According to a 2014 Tulane University study, the risk of disrupted school education caused by a charter school closure is 2 ½ time that of a public school student. Closures impact the dislocated students tremendously including decreasing the chance of graduating from high school by 10%. 

The 2016 GradNation Report showed that on average charter schools have an on-time graduation rate of 70%, with 30% of all charter schools graduating less than 67% of their carefully selected students. Fairfax County Public Schools graduates 91.5%. of its students on time. 

A University of Illinois study identified school closures as a contributing factor to high rates of youth incarceration. At a time, when the current School Board has focused on stopping the school to prison pipeline by adopting a new School Resource Officer MOU and changing our discipline policy to focus on partnering with parents, changing behaviors and keeping kids in school, introducing a high risk policy such as charter schools would undermine the progress we are making.

A fundamental difference between charter schools and public schools is that here in Fairfax County Public Schools we educate all children that come to our doors. Charter schools select the students they want to educate and those that they choose to show the door. Statistically, charter schools have not demonstrated a greater success in closing the achievement gap than public schools. The most recent reports from Ohio demonstrated that although charters make up 10% of the schools in Ohio, close to 40% of the schools that received F grades for closing the achievement gap were Charter schools. 

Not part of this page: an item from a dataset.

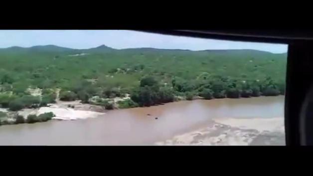 Afrika'da iki ülke sınırını çizen nehirde eşekler tarafından sürüklenen lüks araç, helikopterden görüldü.

Here in the Mount Vernon Magisterial District, our school staff are focused on ensuring that each child is able to achieve their potential. Achievement gaps continue to be a challenge here, across the county, the state and the country. However, progress has been made over the past 3 years because of our targeted interventions and supports under the Project Momentum program. Preliminary results show improvements have exceeded 10% at a number of schools in multiple categories including: 

  • Belle View ES increased scores for Black students in English 13% and math by 28%. 
  • Bucknell increased scores for students with disabilities in English 33%, black students in math 13%. 
  • Fort Hunt improved scores for black students in English by 14% and 22% in Math, economically disadvantaged by 13% in English and 24% in Math, 16% for Hispanic students and 17% for students with disabilities. 
  • Gunston’s increased scores for students with disabilities narrowed by 13% and math by 10%, 
  • Halley increased scores for black students by 18% in math.  
  • Laurel Hill increased scores for Hispanic students in English by 10% and math by 13%, and black students by 12% in Math and economically disadvantaged by 13%, 
  • Lorton Station’s increased scores for students with disabilities by 12% in math. 
  • Mount Vernon High School increased scores for Hispanic students by 10% in English, students with disabilities scores improved in English by 22%. 
  • Sandburg increased scores by 30% for English learners and 14% for students with disabilities in English, 15% for Black students, 10% for economically disadvantaged and 37% for English learners and 17% for students with disabilities in math. 
  • Saratoga increased scores for black students 16% in English and 22% in math, economically disadvantaged by 15% in math, students with disabilities by 12% in English and 16% in math, at 
  • Whitman increased scores for English learners in English by 14% and 20% in math, black student gaps by 14% in math and students with disabilities by 24% in math. 
  • Woodley Hills increased scores for students with disabilities 17% in math.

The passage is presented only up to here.